That’s not easily paid.
Rent has been going up every year, but wages haven’t, so by now for me, rent for a small apartment is over 60% of my monthly income.
The world has changed quite a bit since you were a student.
Well, that’s the problem. It’s not. I can pass this and get the same grade no matter if I have good results or not. With CPU training, the paper just ends up ignored.
If it was critical for my success, I’d definitely find a way to do it, but that’s the point, it’s not critical – it would just improve my results.
Also, how cost effective is it to use cloud GPUs for real world machine learning?
A 4GB GTX1050 is ~$180. A p2 instance on Amazon is $0.9/hour. The cost effectiveness depends on if you have a PC already.
GTX 1050 75W
GTX 1080 180W
Triple these numbers for the overall machine's PSU spec.

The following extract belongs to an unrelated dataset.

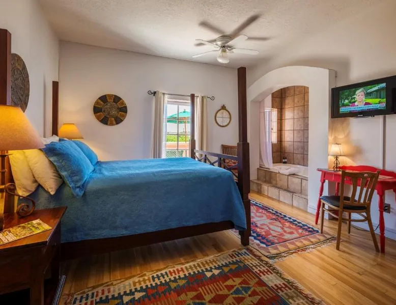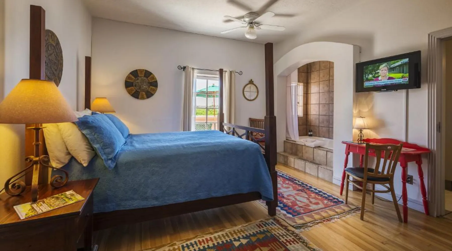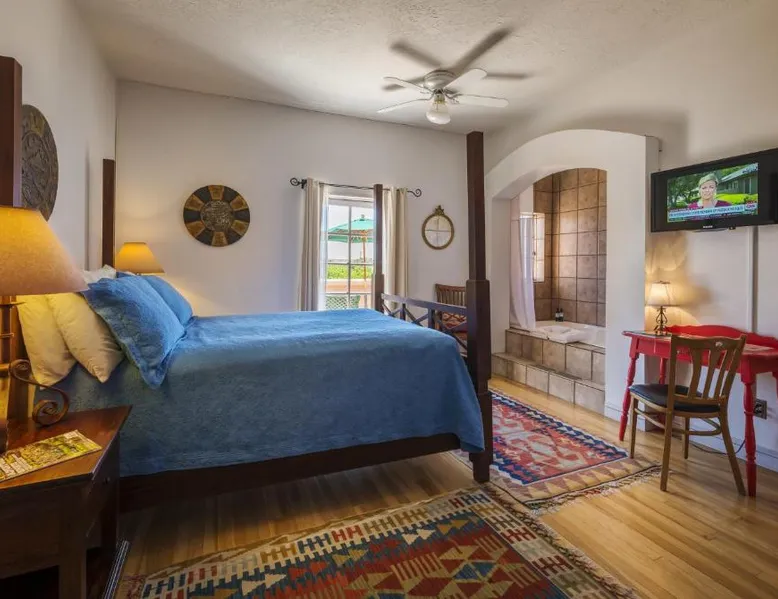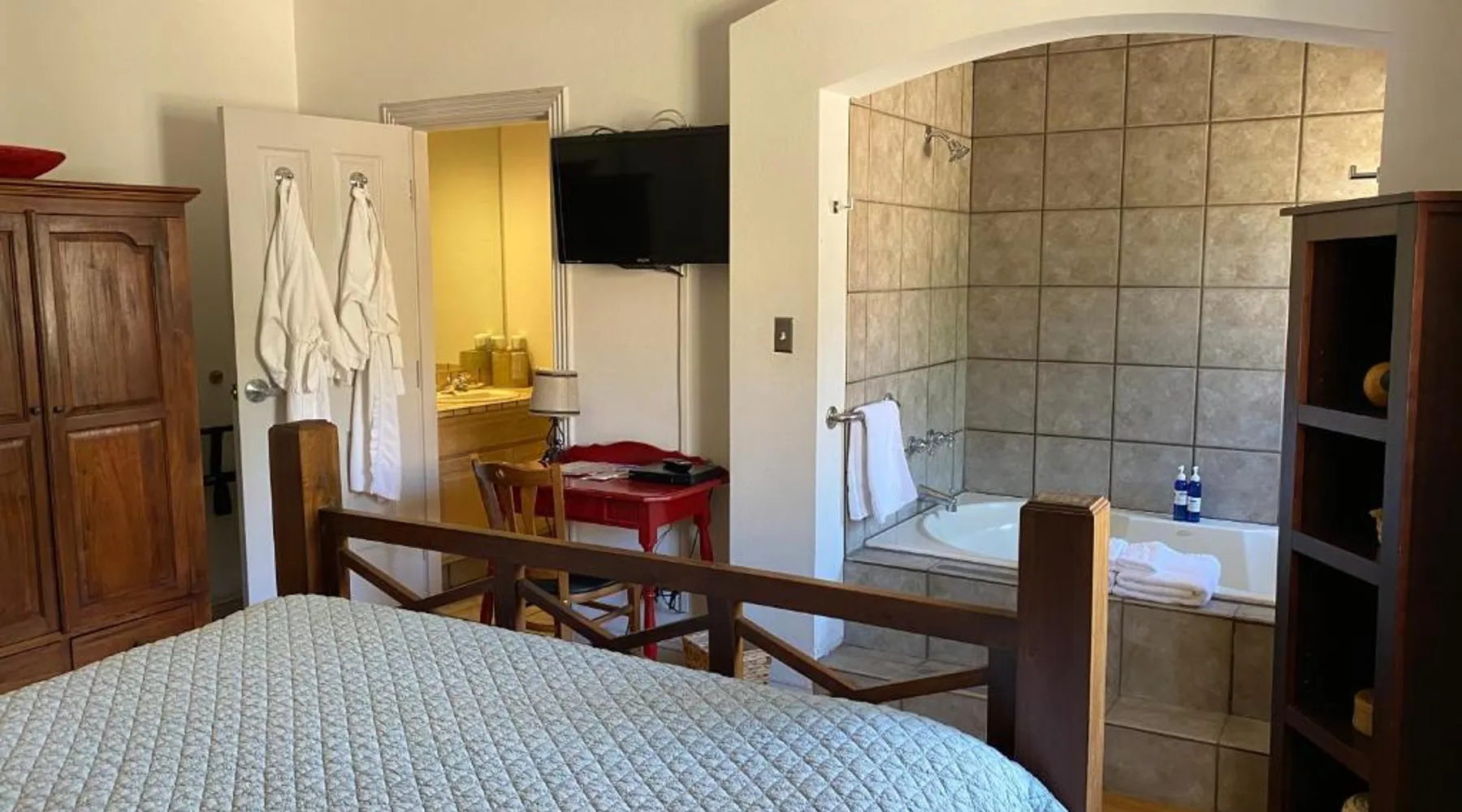 Comfortable Accommodations: Sierra Grande Lodge & Spa in Truth or Consequences offers air-conditioned rooms with private bathrooms, bathrobes, and free WiFi. Each room includes a refrigerator, TV, and wardrobe, ensuring a pleasant stay. Relaxing Facilities: Guests can unwind in the hot spring bath, spa facilities, or fitness center. Additional amenities include a terrace, hot tub, balcony, and outdoor seating area. Wellness packages and a 24-hour front desk enhance the experience. Convenient Location: Located 89 mi from Grant County Airport, the hotel provides free on-site private parking. Nearby attractions include the Truth or Consequences Hot Springs and the Rio Grande River. This air-conditioned double room is consisted of of a flat-screen TV with cable channels, a private bathroom as well as a terrace with mountain views. The unit has 1 bed.

So even the Titan costs $0.03 per hour to run, or maybe $0.10 if the rest of the machine is flat-out.
edit: $0.19 kWh for San Francisco residents. Domestic rates.
For my needs I have a machine with a 2011-v3 socket, and four GTX1080 GPUs. Warms up my man cave pretty nicely in winter. I also have access to about a hundred GPUs (older Titans, Teslas, newer 1080s and Pascal Titans) at work that I share with others.
Now, regarding Titan. Titan is actually not that much faster than GTX1080, so in terms of raw speed there's no reason to pay twice as much. BUT, it has 4GB more RAM, which lets you run larger models. NVIDIA rightly decided that for a $100+/hr deep learning researcher $600 is not going to be that big of a deal, and priced the card accordingly. If your models fit into 8GB, you'll be better off buying two 1080's instead.
As to me, I'm thinking of replacing at least one of my 1080s with a Titan, to be able to train larger models.
On a purely TFLOP or even TFLOP/watt basis, it doesn't currently make sense to buy anything that doesn't run Pascal.